SNPlinks: A brief primer using BLAST
BLAST is a tool for calculating sequence similarity by accessing the NCBI GenBank databases http://www.ncbi.nlm.nih.gov/blast/.
Normally a sequence is copy-pasted into a box for submission to a query queue and BLAST then returns a report based on the comparisons found. It includes tools for comparing nucleotide sequences, protein sequences and whole genomes but most forensic research will only need to perform nucleotide sequence analysis.

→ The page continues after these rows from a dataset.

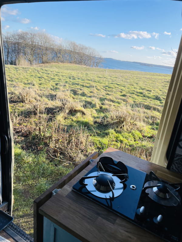 11.2.22 Bevor wir die Staatsgrenze von Dänemark passierten, tankten wir nochmal voll und füllten unsere Vorräte auf. Wir tuckerten so los und kamen rasch ohne Zwischenfälle nach Dänemark. Da wir die Brücken in Richtung Schweden erst am nächsten Tag passieren wollten machten wir auf einem kleinen Schotterparkplatz auf einer Anhöhe Stopp und konnten bei strahlendem Sonnenschein und frischem Wind einen wunderbaren Ausblick genießen. Es gab auch einen Rundweg den wir sobald auf uns nahmen. Am Meer entlang, ein paar Anhöhen hoch, durch einen Wald und zurück zur Emma, wo es an diesem Abend, Fisch an Mais mit zerstoßenen Kartoffeln, gab.
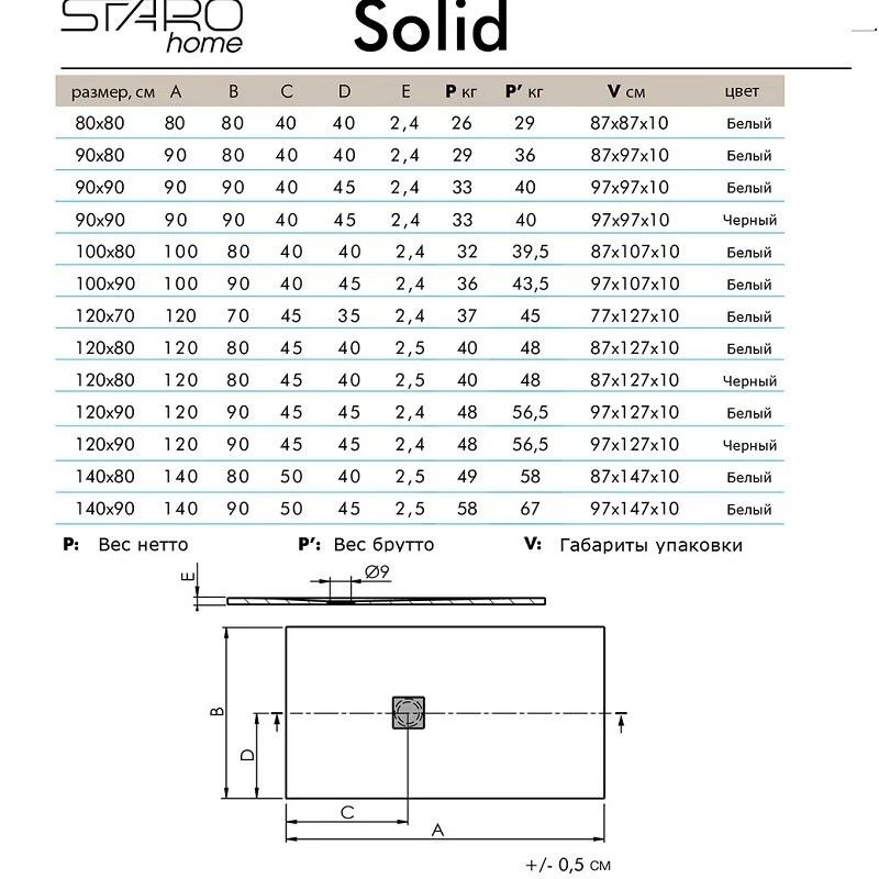 Душевой поддон Starohome Solid 100х90 WHITE MATT, 100 x 90 см, литьевой мрамор, прямоугольный, цвет белый матовыйИзготовлен из литиевого мрамора Sanydur® и представляет собой монолитный материал на 85% состоящий из мраморной крошки, минеральных пигментов и связывающего материала в виде полиэфирной смолы. Сверху материал покрывается гелевым слоем Gel Coat.Покрытие Gel Coat - это прочный прозрачный, абсолютно непористый материал, защищающий материал поддона от загрязнений, перепада температур и УФ-излучения. Душевые поддоны Solid производятся на современном европейском оборудовании для европейского рынка. Контроль качества осуществляется на всех этапах производства.
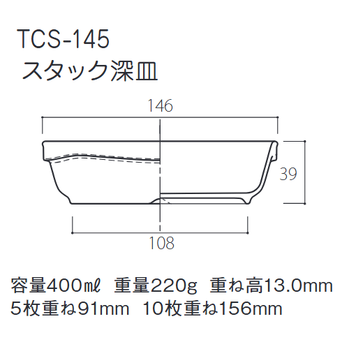 強化磁器 スタック深皿 直径146mm H39mm 400cc トップセラム [TCS-145] キッズメイト 業務用 こども用食器 子供 子ども 保育園 幼稚園 給食 14.6cm 丸皿 主菜 補食 スタッキング 積み重ね可
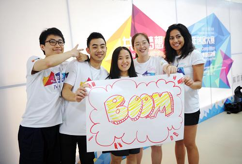 7月6日,中美两国参赛选手在决赛前听主题演讲。当日,“中美青年创客大赛”总决赛在河北廊坊拉开序幕。100多名中美青年学生进入决赛,并将组成30支队伍,通过48小时的创意和开发过程,争夺大赛终极奖项。“创客”来源于英文“Maker”,指努力把各种创意转变为现实的人。新华社记者 马研 摄
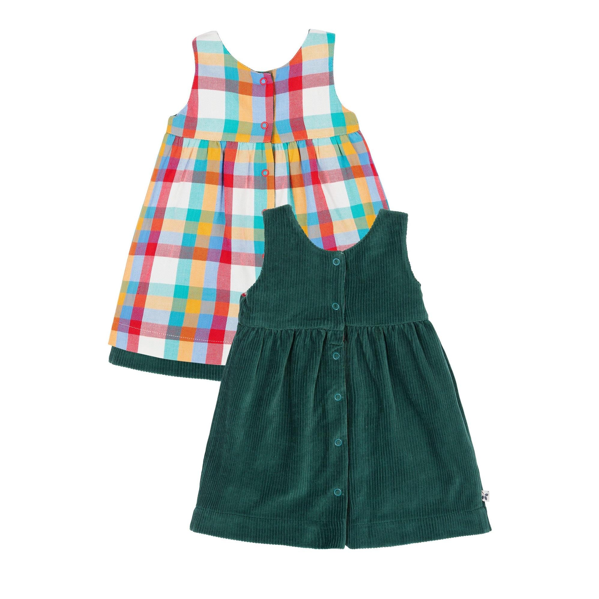 Why settle for one adorable outfit when you can have two? Our Rosalie Reversible Dress gives you just that – crafted from soft organic cotton, with a cosy cord side for snuggly days and a bright, patterned cotton side for extra pop and playfulness.
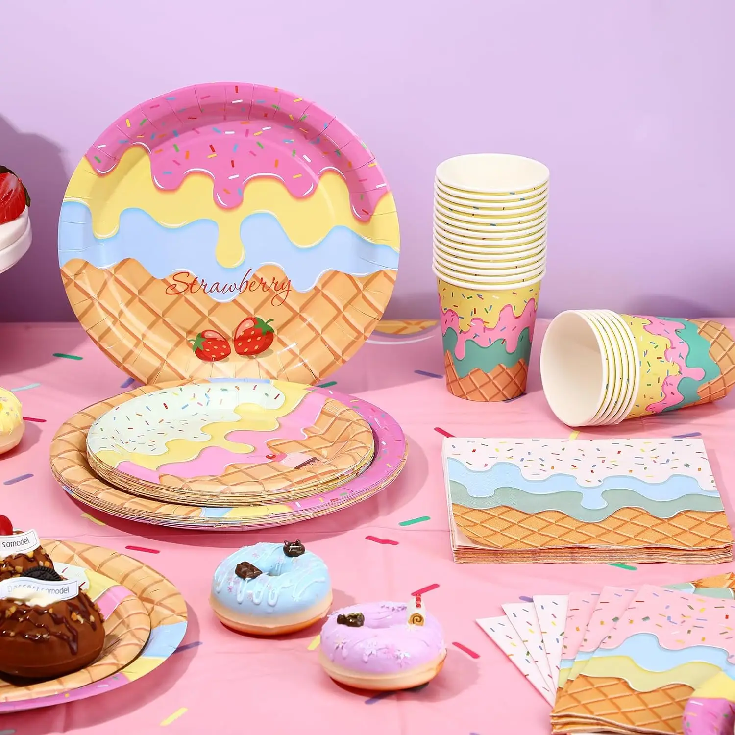 Decoración de fiesta de helado, mantel de helado, plato de servilleta, globo de pie de helado, suministros para fiesta de cumpleaños de nieve helada de verano dulce
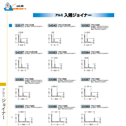 アルミ製入隅ジョイナー アルミ12AB アルマイトシルバー 長さ2.73m/3m 創建
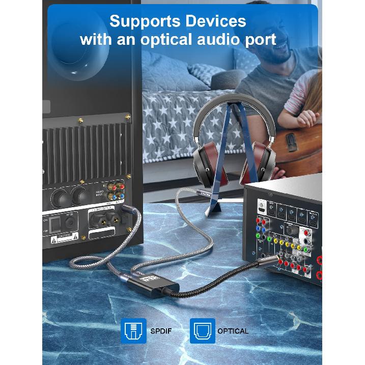Optical Audio Splitter 1 in to 2 Out Toslink Splitter Optical Adapter Ideal for Home Theatre and More-Black
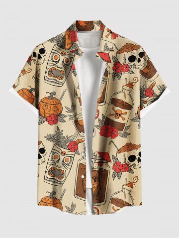 Chemise grande taille à imprimé tête de mort, fleur, citrouille, masque, Halloween, boutonnée, poche, pour homme - Café Lumière - 5xl
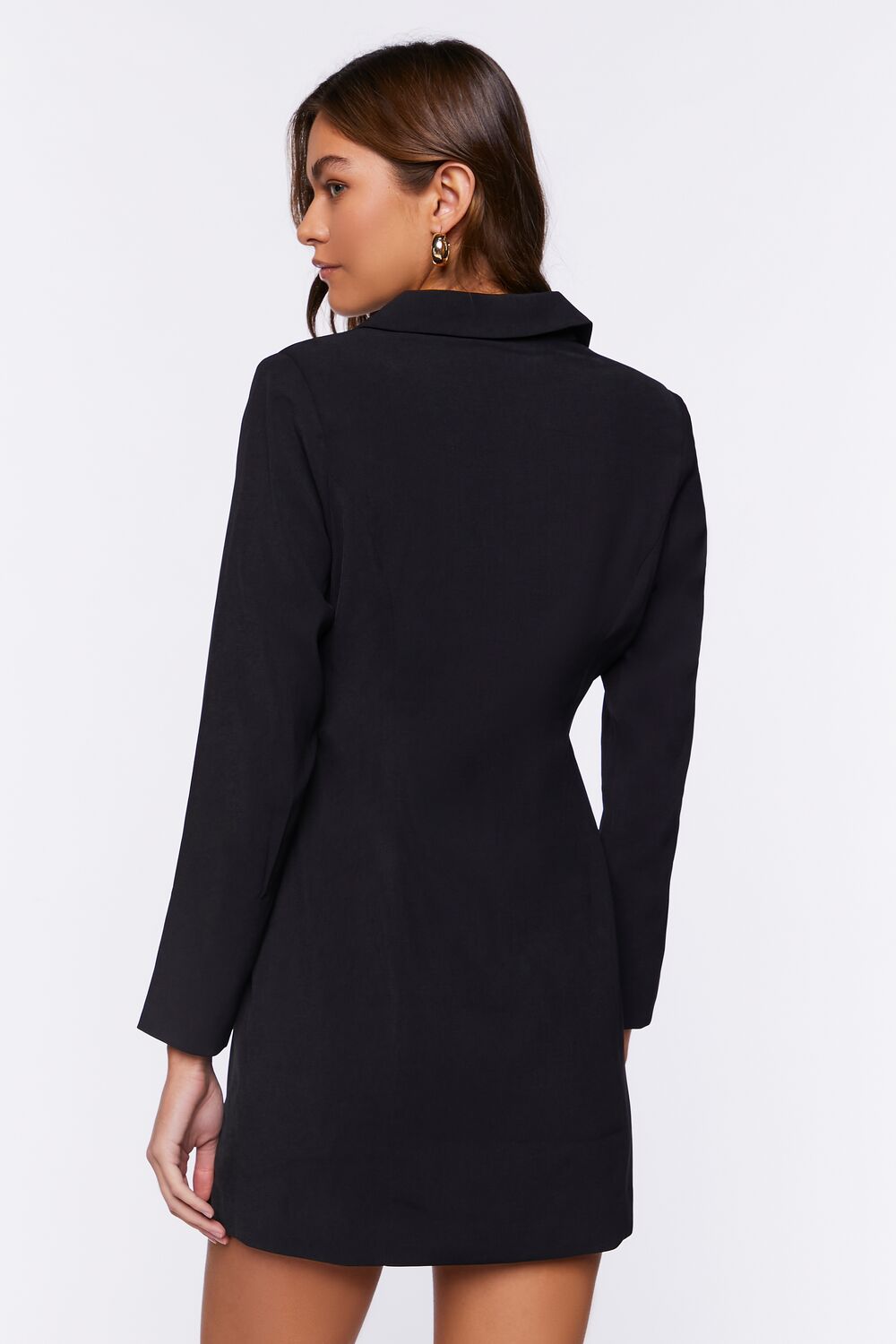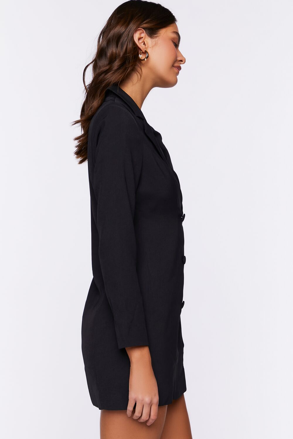 A woven blazer dress featuring a plunging neckline. double-breasted design. notched lapels. long sleeves. and a mini length.
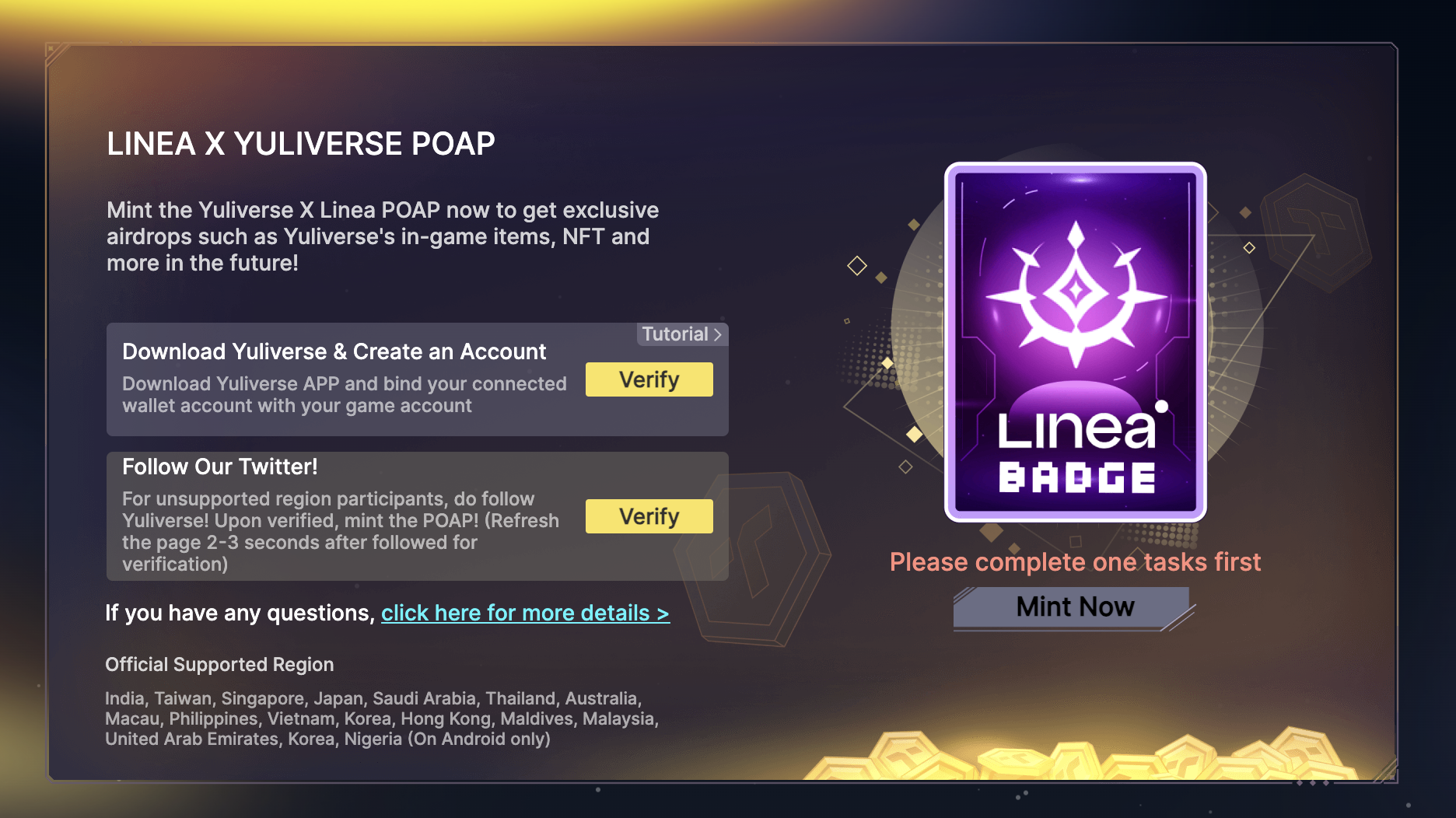 通过下载 APP,根据指引完成新用户注册,并且关注官方推特完成验证后,Mint 一个 NFT 即可。

Nucleotide BLAST is used in two ways: finding a
location for a submitted sequence (the query being: does the submitted sequence
exist in a GenBank database ?) and checking for coincidental similarity in a
sequence, normally a PCR primer (the query being: what is the degree of
specificity or uniqueness of the submitted sequence ?). The alignment
comparisons required for each of these queries are provided by MegaBLAST and
standard BLAST (blastn) respectively. In developing SNP typing assays
blastn will be the only tool needed. The two statistics that annotate the
returns from blastn: the bit score and E-value are listed in the detailed report
that BLAST returns from a query. This consists of three parts:
i. the header with query sequence information and a
summarizing graphical overview,
ii. single-line matching sequence descriptions and
iii. the matching alignments themselves.
The graphical overview shows the query sequence as a numbered red bar and below this the database hits as coloured bars aligned to the query. The colours and proximity to the query represent the alignment scores from red (highest) through to black (lowest) and uppermost to lowest bars. The single-line descriptions give both a bit score indicating goodness of fit of each matched sequence and an expect value (E-value). The bit score is calculated from a formula that takes into account all the matching nucleotides and gaps, the higher the score the better the alignment (statistical guide at: http://www.ncbi.nlm.nih.gov/BLAST/tutorial/Altschul-1.html). The E-value gives an idea of the statistical significance of the alignment - reflecting both the size of the database used to prepare the alignments and the score system used. The lower the E-value the more significant the hit. For example a value of 0.05 equates to 5 in 100 or 1 in 20 signifying the probability of this match by chance alone. This latter statistic requires careful interpretation in the context of the sequence comparison being performed.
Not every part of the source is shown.